Hab es nur 5 Min. zum Hohenfelder Strand und werd mal los sobald ich die Fleigen habe. 

Wollte es auf jeden Fall mit Springer versuchen... die Snaps werd ich wohl auch in Kiel bekommen. 
Ist rot/schwarz immer angesagt oder gerade jetzt wo es sehr bewölkt ist?


----------



## OssiHWI (26. August 2010)

*AW: Mefo: Spinnen mit Blinker und Fliege*

rot/schwarz geht immer. ansonsten bei sonnigem Wetter fische ich lieber Reizfarben: pink/gelb oder gelb/grün so in die Richtung.


----------



## marioschreiber (26. August 2010)

*AW: Mefo: Spinnen mit Blinker und Fliege*

Scheiss auf die Farbe, gut laufen muss der !

Snaps ist ´ne Bank !  #6


----------



## Klaus S. (26. August 2010)

*AW: Mefo: Spinnen mit Blinker und Fliege*

Sind die von Gladsax sind auch Snaps #c
Von Gladsax hab ich noch paar Blinker und Wobler.
Die Blinker sehen aus wie Snaps wenn ich unter google Snaps eingebe.

Heissen die Snaps wenn die das Blei hinten eingequetscht haben oder ist Snaps ne Marke für sich?


----------



## Rosi (27. August 2010)

*AW: Mefo: Spinnen mit Blinker und Fliege*

Moin Klaus, der Snap ist ein Blinker von Gladsax. Er dreht sich im Lauf um seine Achse. Ich würde da keinen Springer davor binden wollen. 

Der Springer ist gewöhnungsbedürftig. Und ich finde er sollte unbedingt schwimmend sein, ein Muddler  z.B. Keine Patti, die bekommt am Seitenarm nicht genug Bewegungsspielraum um sich "zu entfalten" .Eine Mundschnur darf nie länger als 15cm sein, sonst tüdelt das, eher reichen 10cm. Der Muddler schwebt von selbst und er sollte irisierendes Tinsel (UTC Mirage) im Schwanz haben. Fische sehen UV Licht und dieses Zeug enthält eine unheimlich anziehende Farbe.
Die Polar Magnus lebt von ihrem Nicken. Also sie hat einen beschwerten Kopf, welcher bei Zug hoch kommt und ohne Zug sinkt. Als Beifänger wirkt diese Bewegung nicht.


----------



## xfishbonex (28. August 2010)

*AW: Mefo: Spinnen mit Blinker und Fliege*

Hallo Rosi 
denn erzähle mir mal bitte warum fast alle fische bei meinen kollegen auf die magnus ging als springer #d
lg andre


----------



## marioschreiber (28. August 2010)

*AW: Mefo: Spinnen mit Blinker und Fliege*

...und warum sich meine Snaps sich nicht um ihre eigene Achse drehen ! ?


----------



## Rosi (28. August 2010)

*AW: Mefo: Spinnen mit Blinker und Fliege*



xfishbonex schrieb:


> Hallo Rosi
> denn erzähle mir mal bitte warum fast alle fische bei meinen kollegen auf die magnus ging als springer #d
> lg andre


Hi Andre, ich bin doch nicht allwissend, sei nicht sauer wenn ich andere Erfahrungen habe.  Vielleicht hatte er keine beschwerten Augen an der Magnus? Oder gar keine Augen? Oder er nimmt nur diese Sorte Fliegen, oder sie haben ein bestimmtes Tinsel in der Schwinge. Oder... Probier es selbst aus.
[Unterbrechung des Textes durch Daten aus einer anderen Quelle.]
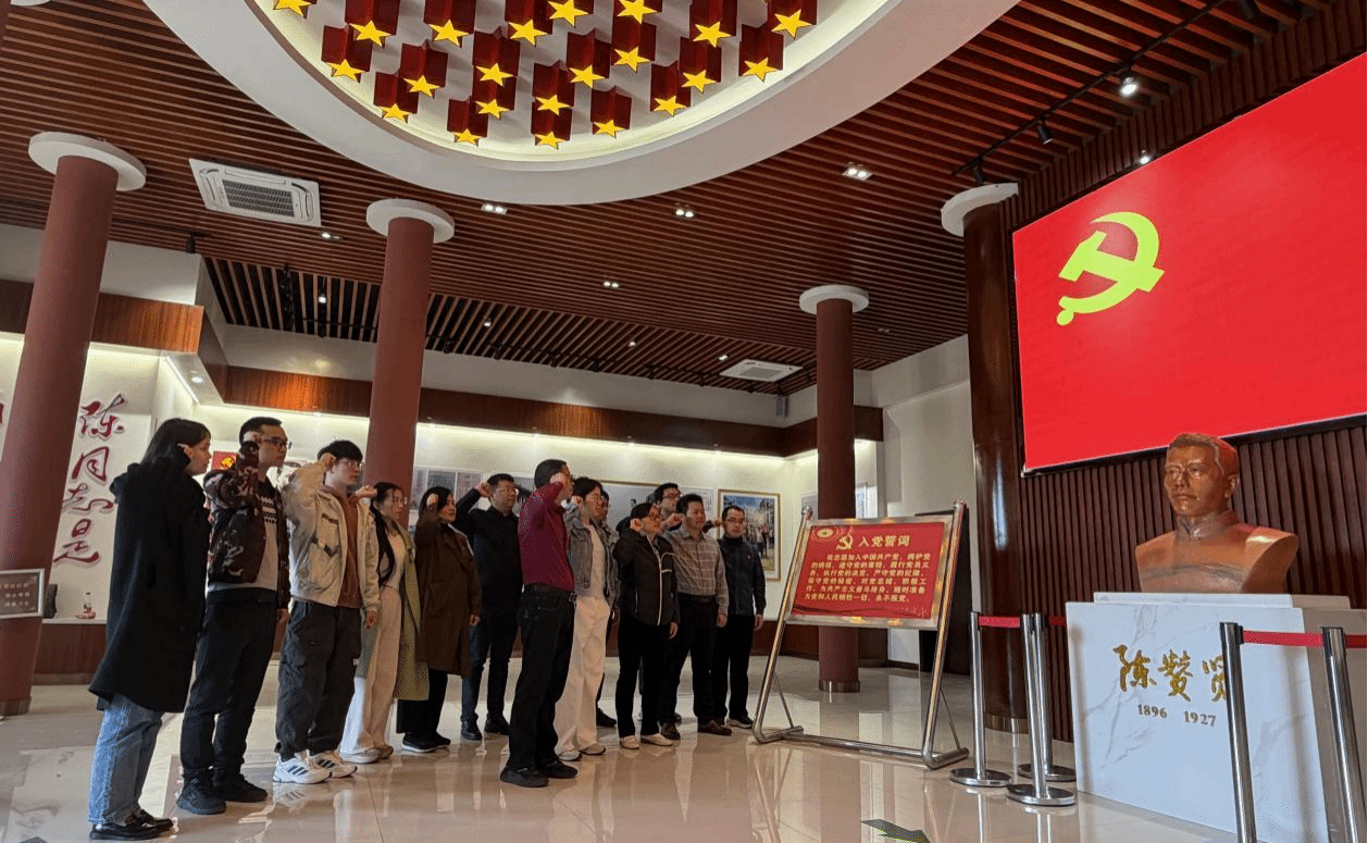 在参观完纪念馆后,全体党员同志在纪念馆内面对鲜红的党旗,高举右拳,庄严重温了入党誓词,对革命先烈进行了深切缅怀。

Ich schwöre halt auf kleine Muddler. Die brauchen nicht viel Bewegungsfreiheit und tänzeln berechenbar immer nach oben.


----------



## Rosi (28. August 2010)

*AW: Mefo: Spinnen mit Blinker und Fliege*



marioschreiber schrieb:


> ...und warum sich meine Snaps sich nicht um ihre eigene Achse drehen ! ?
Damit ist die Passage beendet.